Re: user-defined op= for type with reference member
Francesco S. Carta wrote:
I'm not so sure whether the following could come interesting in this
case (nothing special for the most experienced ones, I suppose): it is
possible to store the reference as a pointer and create a "resettable
reference" in either of the following ways:
-------
#include <iostream>
using namespace std;
class IntByRef {
public:
explicit IntByRef(int& i) : ptr(&i) {};
operator int&() {
return *ptr;
}
int& operator=(int& i) {
ptr= &i;
return *ptr;
}
private:
int* ptr;
};
int main()
{
int local = 8;
IntByRef ibr(local);
cout << ibr << endl; // prints 8
local = 10;
cout << ibr << endl; // prints 10
int local2 = 42;
ibr = local2;
cout << ibr << endl; // prints 42
int& intref = ibr;
++ibr;
ibr *= 2;
ibr -= 8;
cout << intref << endl; // prints 78;
return 0;
}
-------
-------
#include <iostream>
using namespace std;
class SimplerIntByRef {
public:
SimplerIntByRef (int& i) : ptr(&i) {};
operator int&() {
return *ptr;
}
private:
int* ptr;
};
int main()
{
int local = 8;
SimplerIntByRef ibr(local);
cout << ibr << endl; // prints 8
local = 10;
cout << ibr << endl; // prints 10
int local2 = 42;
ibr = local2;
cout << ibr << endl; // prints 42
int& intref = ibr;
++ibr;
ibr *= 2;
ibr -= 8;
cout << intref << endl; // prints 78;
return 0;
}
-------
main() is practically identical for both cases, you can apply all
combined operator+equals to an IntByRef as well as all pre and post
increment/decrement, the only thing that you can't assign to it is a
constant or a temporary (that would be a plain rvalue) - by the means
of using operator= or by using the implicit ctor in the simpler case.
You can only (re)assign it to "point" to another (non-const) variable.

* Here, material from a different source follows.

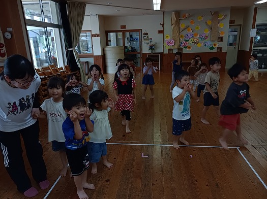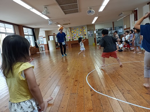 2024年06月28日 「おおかみさん」 2歳児 にじ 4歳児 ほし にじぐみとほしぐみで、一緒に「おおかみさん」のあそびをしました。 みんなで「おおかみさーん」と呼ぶと… 「おおかみさ~ん」 準備のできたオオカミさんがみんなを食べにやってきます! 食べられないように全力で走って逃げるこどもたちでした。 他の人とぶつからないように良く周りを見て走っていました! 一覧へ戻る

Modulo mistakes and misunderstandings as usual, I'm ready to have my
"view" fixed :-)
Personally, I cannot see what the point would be of class modelling a reference,
albeit a reseatable one, that didn't permit the simple assignment:
int i = 1;
IntByRef ibr(i);
ibr = 2;
For myself, I would have the assignment operators assign *values*, and have the
reseating required to be done explicitly. Something like:
template<typename T>
class ReseatableRef
{
ReseatableRef(T& t): t_ptr(&t) { }
ReseatableRef& operator=(const T& t) // value assignment
{
*t_ptr = t;
return *this;
}
ReseatableRef& operator=(const ReseatableRef& other) // ditto!!!
{
*t_ptr = *other.t_ptr;
return *this;
}
ReseatableRef& reseat(T& t)
{
t_ptr = &t;
return *this;
}
operator T&() { return *t_ptr; }
operator T() const { return *t_ptr; }
T * operator&() const { return t_ptr; }
private:
T *t_ptr;
};
int main()
{
int local = 8;
iref_t ibr(local);
std::cout << "1: ibr = " << ibr << '\n';
local = 10;
std::cout << "2: ibr = " << ibr << '\n';
ibr = 42; // !!!
std::cout << "3: ibr = " << ibr << '\n';
local = 0;
int local2 = 1;
ibr.reseat(local2);
std::cout << "4: ibr = " << ibr << '\n';
int& local22 = local2;
int& local222 = local22;
std::cout << "&local2 = " << &local2 << '\n';
std::cout << "&local22 = " << &local22 << '\n';
std::cout << "&local222 = " << &local222 << '\n';
iref_t ibr2(ibr);
iref_t ibr3(ibr2);
std::cout << "&ibr = " << &ibr << '\n';
std::cout << "&ibr2 = " << &ibr2 << '\n';
std::cout << "&ibr3 = " << &ibr3 << '\n';
}
/**
* Output:
* 1: ibr = 8
* 2: ibr = 10
* 3: ibr = 42
* 4: ibr = 1
* &local2 = 0x22cd08
* &local22 = 0x22cd08
* &local222 = 0x22cd08
* &ibr = 0x22cd08
* &ibr2 = 0x22cd08
* &ibr3 = 0x22cd08
*/
I think that this would be closer to the behaviour of an ordinary reference over
all, with the *addition* that it can be reseated. Of course, it also allows for
the creation of a `reference to a reference':-)
Regards
Paul Bibbings